Я ненадолго задумался. К черным часто приезжали разные родственники, и почти всегда им по этому поводу выписывали увольнительные, в том числе и с ночевкой. Имелся и гостевой домик, в котором родственники могли разместиться, если солдата по каким-то причинам не отпускали из части. Но к кому я пойду со своими проблемами? Пекуш уехал, Бальчис не решает такие вопросы. Обратиться к дежурному по части? Очень я ему нужен! Тем более, что сегодня, по-моему, стоит как раз Бегунцов, который по каким-то причинам меня недолюбливает. К тому же я числюсь дневальным…
– Никто меня не отпустит. – Я покачал головой. – У нас увольнительных не дают.
– Так не бывает.
– Как видишь, бывает.
– Значит, тебя и в отпуск не пустят?
– Посмотрим.
– А к тебе можно зайти?
– Куда?
– Ну, не знаю… Туда, где вы живете, в казарму, наверное.
Я снова отрицательно покачал головой.
– Нам не надо было к тебе приезжать? Мне так хотелось тебя увидеть, я думала, ты обрадуешься… А тебе, наверное, так еще тяжелее. Извини, я не подумала об этом.
Мы поговорили о какой-то ерунде еще минут пять. Потом я извинился перед Ингой и отошел к Кушнеру:
– Тоже скажешь, что я похудел?
– Есть немного. Что, нам не надо было…
– Не надо. Если Инга еще раз захочет, удержи ее, хорошо? Ты не баба, с тобой можно говорить прямо, так вот, я скажу: мне проще без вас. Я настроился терпеть как минимум до зимы, а вы меня с ритма сбиваете. Трудно его восстанавливать, понимаешь? Здесь совсем другая жизнь!
– Я думал, ты к ней с детства привык.
– Я тоже так думал и, как выяснилось, ошибся. Тут много нового. Вернусь – расскажу. Про Мастера новостей нет?

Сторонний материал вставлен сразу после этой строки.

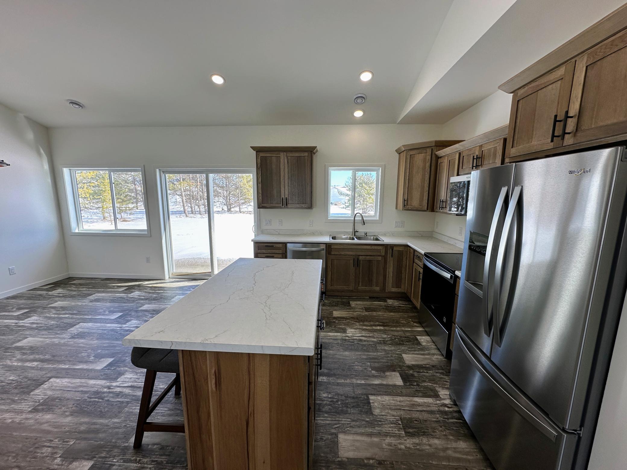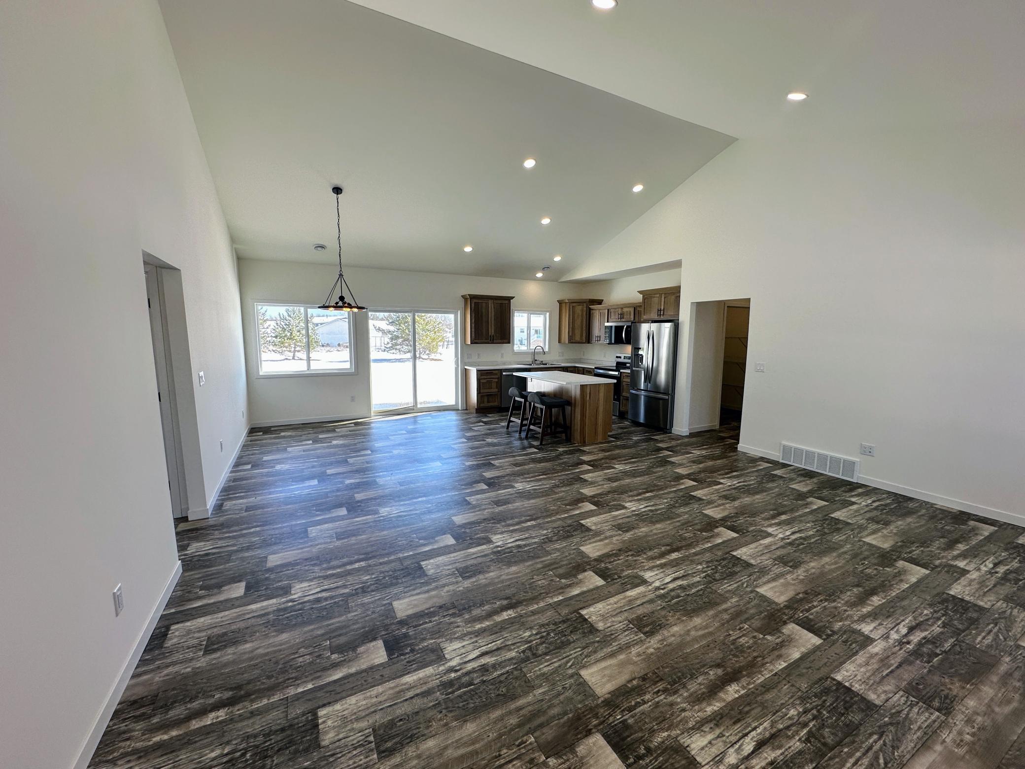 Effortless One-Level Living in Westwind 4th Addition! Experience the perfect blend of style and accessibility in this brand-new, one-level masterpiece. The open-concept design is defined by vaulted ceilings that flood the home with natural light. At it's heart, the kitchen features sleek stainless steel appliances and a sit-up island-ideal for casual mornings or hosting friends. The primary suite serves as a true retreat, complete with a beautifully tiled walk-in shower and a generous walk-in closet. Two additional bedrooms provide the perfect space for guests or a home office. Step through the sliding glass door to your private patio or take a short stroll to nearby walking paths, ball fields and the local golf course. With an insulated garage, high efficiency natural gas furnace and central air, this home is built for year-round comfort and peace of mind. Financial Perk: Special assessments may be waived if the Buyer's income qualifies!

– Из клуба уволился, где сейчас – я не знаю. Он тебе не пишет?
– Пока писем не было.
– Серый, по слухам, теперь на Южном кладбище.
– В смысле?
– Нет, ты что, он жив!
– Землекопом работает?
– Нет, наверное. Я точно не знаю, но говорят, что он там не последний человек. Понимаешь, у меня появилось много новых знакомых, которые… Ну, как тебе объяснить? Короче, ребята-спортсмены, которые работают с кооператорами. Вот, смотри, я специально привез показать, – Кушнер достал фотографию, на которой он был запечатлен стоящим в окружении нескольких человек. Все кроме него были раздеты по пояс и демонстрировали мышцы, как культуристы на показательных выступлениях. Никого из них я не знал.

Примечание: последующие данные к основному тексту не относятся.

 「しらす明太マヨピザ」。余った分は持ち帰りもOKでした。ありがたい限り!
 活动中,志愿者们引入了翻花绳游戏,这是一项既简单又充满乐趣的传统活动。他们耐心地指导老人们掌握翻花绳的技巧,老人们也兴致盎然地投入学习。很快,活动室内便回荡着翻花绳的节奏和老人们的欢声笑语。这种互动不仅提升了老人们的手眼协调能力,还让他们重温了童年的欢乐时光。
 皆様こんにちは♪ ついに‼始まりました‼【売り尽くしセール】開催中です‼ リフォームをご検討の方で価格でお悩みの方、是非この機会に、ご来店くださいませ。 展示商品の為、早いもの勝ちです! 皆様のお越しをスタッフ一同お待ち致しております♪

– Миш! Извини, но, честное слово, меня это сейчас так мало интересует! У меня совсем другая жизнь. Вот вернусь – ты мне все расскажешь. И познакомишь, если ребята на самом деле хорошие.
– Хорошие! Я им про тебя много рассказывал. Да и они, не все, конечно, но некоторые с тобой давно заочно знакомы. Они тебе понравятся, вот увидишь!
– Согласен, договорились. Вот вернусь – и первым делом к ним. Станем вместе работать с кооператорами. Помнишь Холоновского?
– Его, пожалуй, забудешь! Тем более что я его иногда в институте встречаю. Проходит мимо, как будто ничего не было.
– Радуйся, что он держит слово. Так вот Холоновский той ночью, когда уже тебя высадил и повез домой меня, сказал такую вещь: «Начинаются большие перемены, только не все это пока поняли. Наступает время кооператоров и спортсменов. Очень скоро человек с деловой хваткой или с борцовскими навыками сможет заработать настоящие деньги».
– Он был прав! Я уже сейчас вижу, какие возможности открываются. Жаль, что ты на два года, так сказать, выпал из оборота.
– Ничего, вернусь – наверстаю. Ладно, заболтались мы с тобой. Береги Ингу! А сейчас – уезжайте. Спасибо, конечно, и я вам страшно благодарен за поддержку, но уезжайте быстрее.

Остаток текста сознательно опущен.